In contrast, HBV mRNA was not diminished in livers taken from
untreated transgenic mice or control transgenic mice, which had
been injected with pCMV-LacZ DNA (FIG. 15A, lane 1 and lanes 2-4
respectively). This indicates that the inhibition of viral gene
expression in transgenic mice injected with pCMV-S2.S was not due
to a non-specific effect such as the release of cytokines with
injection-induced inflammation and/or with an immune response
against transfected muscle cells expressing a foreign antigen
(i.e., .beta.-gal). Thus, the HBsAg-specific immune response
induced by immunization with plasmid DNA appears to be responsible
for controlling hepatic transgene expression by some non-cytopathic
mechanism.
[0168] 3.c.
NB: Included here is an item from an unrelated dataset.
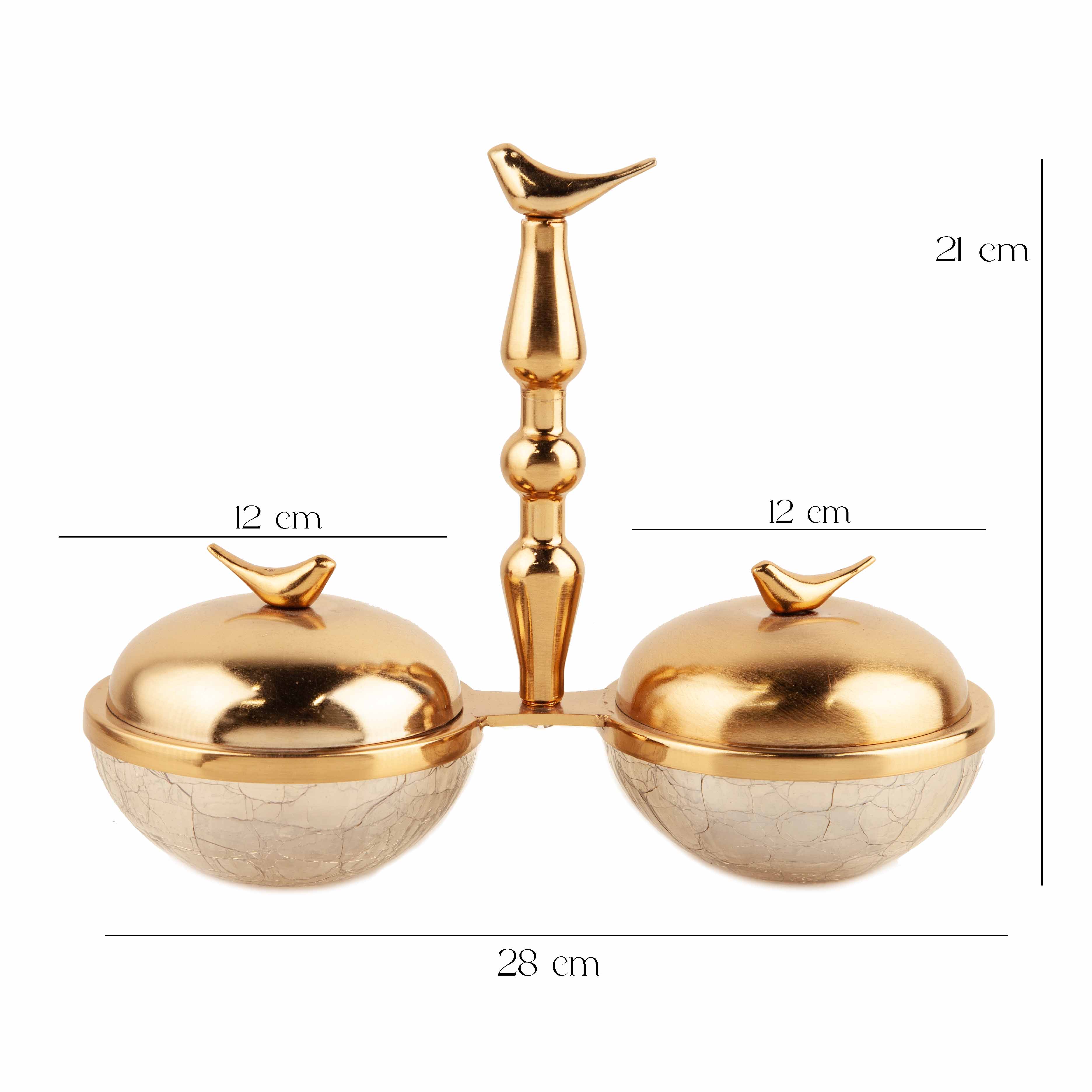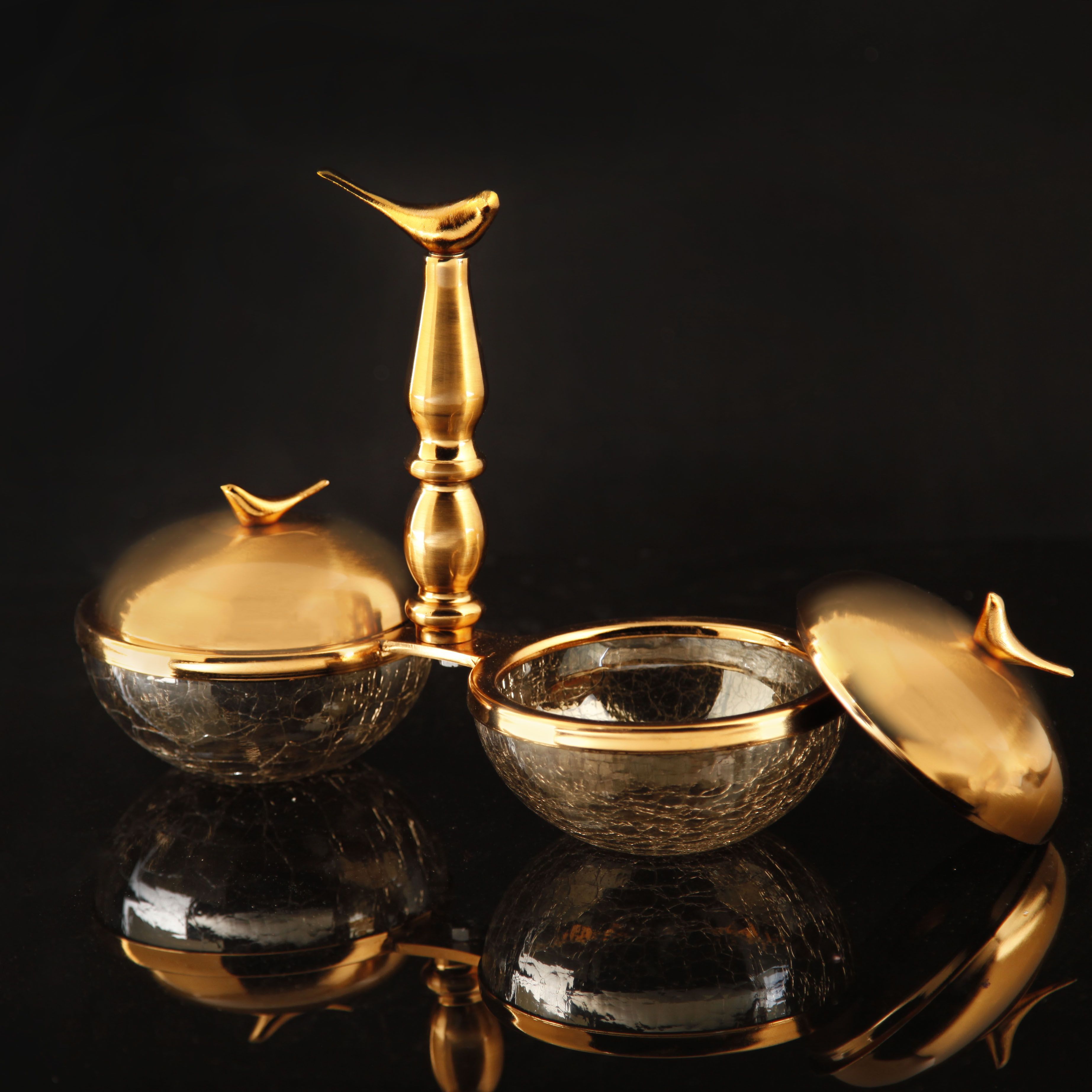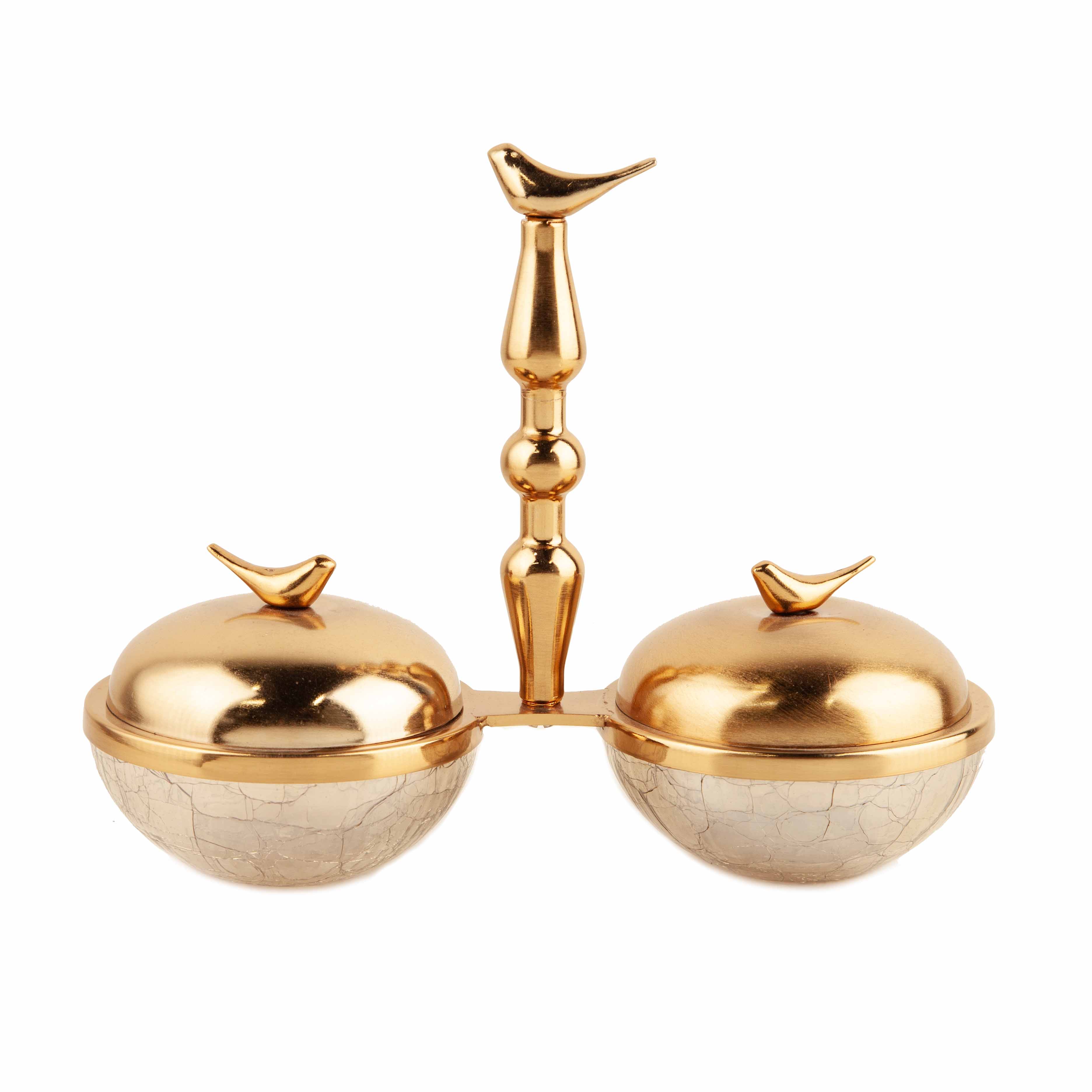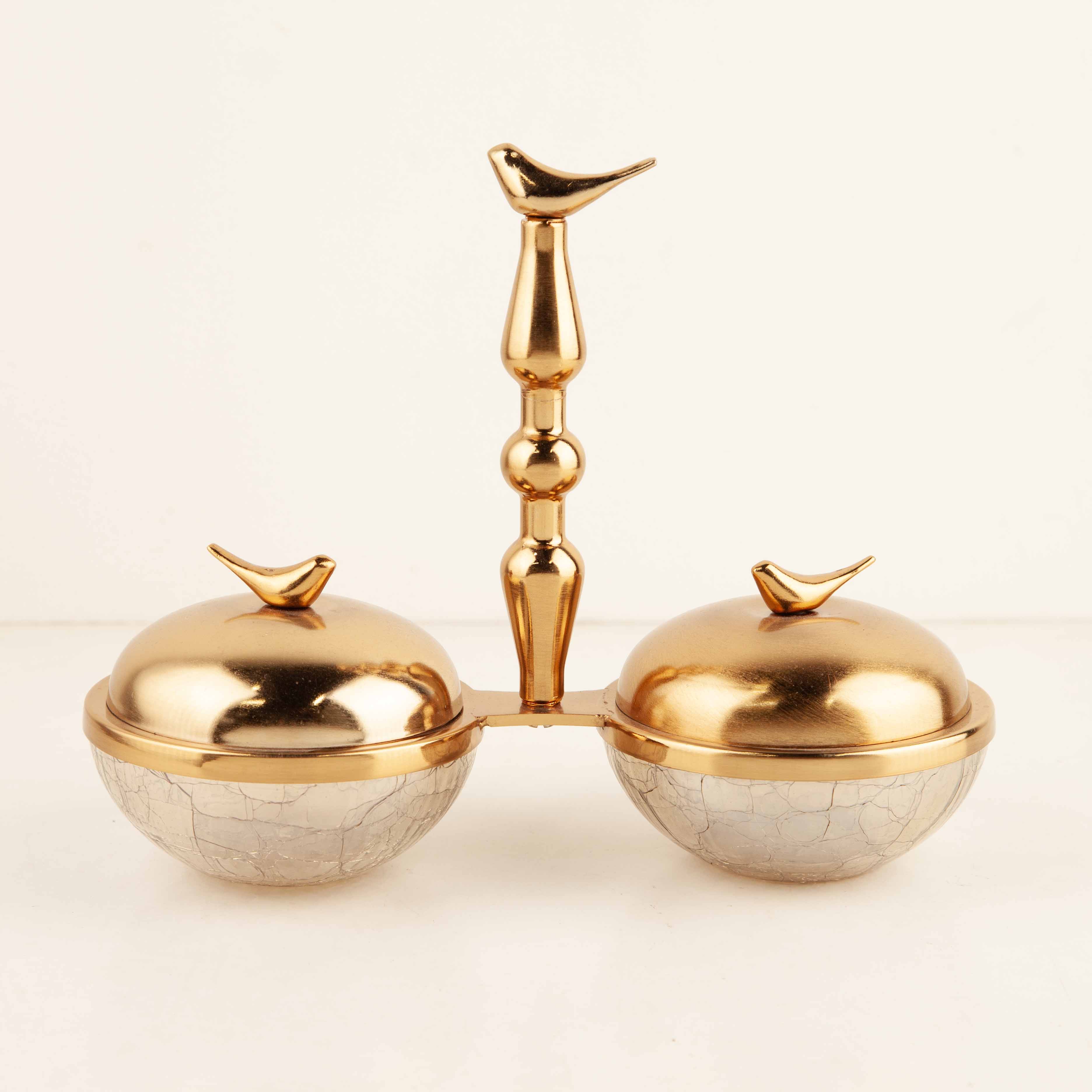 اردو آبگز دوتایی مرغان عاشق، ساخته‌شده از شیشه مقاوم با پایه فلزی آبکاری فورتیک، مناسب برای سرو مزه، ترشی و دسر با طراحی هنرمندانه و خاص.

Injection of DNA Induced B and T-Cell Response to
HbsAg
[0169] To determine which component of the immune response is
implicated in the down-regulation of HBV-specific mRNA and in the
observed decrease or elimination of the circulating antigen,
adoptive transfer experiments were performed. Fully immunocompetent
non-transgenic mice were immunized once with the pCMV-S2.S DNA
vector and when ELISA titres of serum antibodies to HBsAg had
reached at least 10.sup.4, both the serum and the primed spleen
cells were harvested from the mice for transfer into their
transgenic littermates.
[0170] Passive transfer of serum-derived antibodies on a single
occasion into transgenic mice induced a rapid but transient
decrease in circulating HBsAg levels (mice 2.21 and 4.26, Table
VI). In other transgenic mice, circulating antigen was maintained
at undetectable levels for a longer period by intra-peritoneal
injection of hyperimmune sera every 2-3 days over a period of 17
days (mice 1.3.5 and 1.3.6, Table 2). Neither single nor chronic
administration of antibodies resulted in decreased HBV-specific
mRNA in the liver (not shown) indicating that the humoral response
after DNA-based immunization was not responsible for the
down-regulation of transgene expression or the long-term
elimination of the transgene product.
[0171] Injection of primed spleen cell suspensions obtained from
pCMV-S2.S immunized non-transgenic donor mice into transgenic
littermate recipients resulted in a rapid clearance of circulating
HBsAg (by 7 days) and a concomitant appearance of anti-HBs
antibodies, which were sustained (FIG. 16). This indicates that the
transferred T and B cells were functional within the environment of
the transgenic mice and that the B cells were activated, probably
by the circulating antigen. Adoptive transfer of HBsAg-primed
spleen cells was also able to induce a complete disappearance of
HBV mRNA in the liver by 17 days (FIG. 17 and FIG. 15B, lanes 4,
5). The inability to detect serum HBsAg occurred 10 days prior to
the disappearance of HBV mRNA suggesting that two separate
mechanisms may be responsible for the observed clearance of the
antigen: an initial transient elimination due to formation of
immune complexes and a subsequent more permanent control of
transgene transcription. Serum transaminase activity and
histological examination of liver sections were monitored every 2-3
days after adoptive transfer and found to be normal for up to 17
days, after which some histological sections of liver exhibited a
few small necrotic foci. These were sometimes accompanied by the
presence of inflammatory cells, but in no case did the necrotic
regions involve more that 5% of the hepatic cells. In addition, a
few apoptotic hepatocytes were detected in centrilobular areas
within some randomly distributed lobules (not shown). The changes
induced by adoptive transfer with HBsAg-primed spleen cells were
HBsAg-specific since injection of .beta.-gal-primed spleen cells
into transgenic recipients had no effect on the levels of serum
HBsAg (FIG. 16) or liver HBV mRNA (FIG. 14B, lanes 2, 3).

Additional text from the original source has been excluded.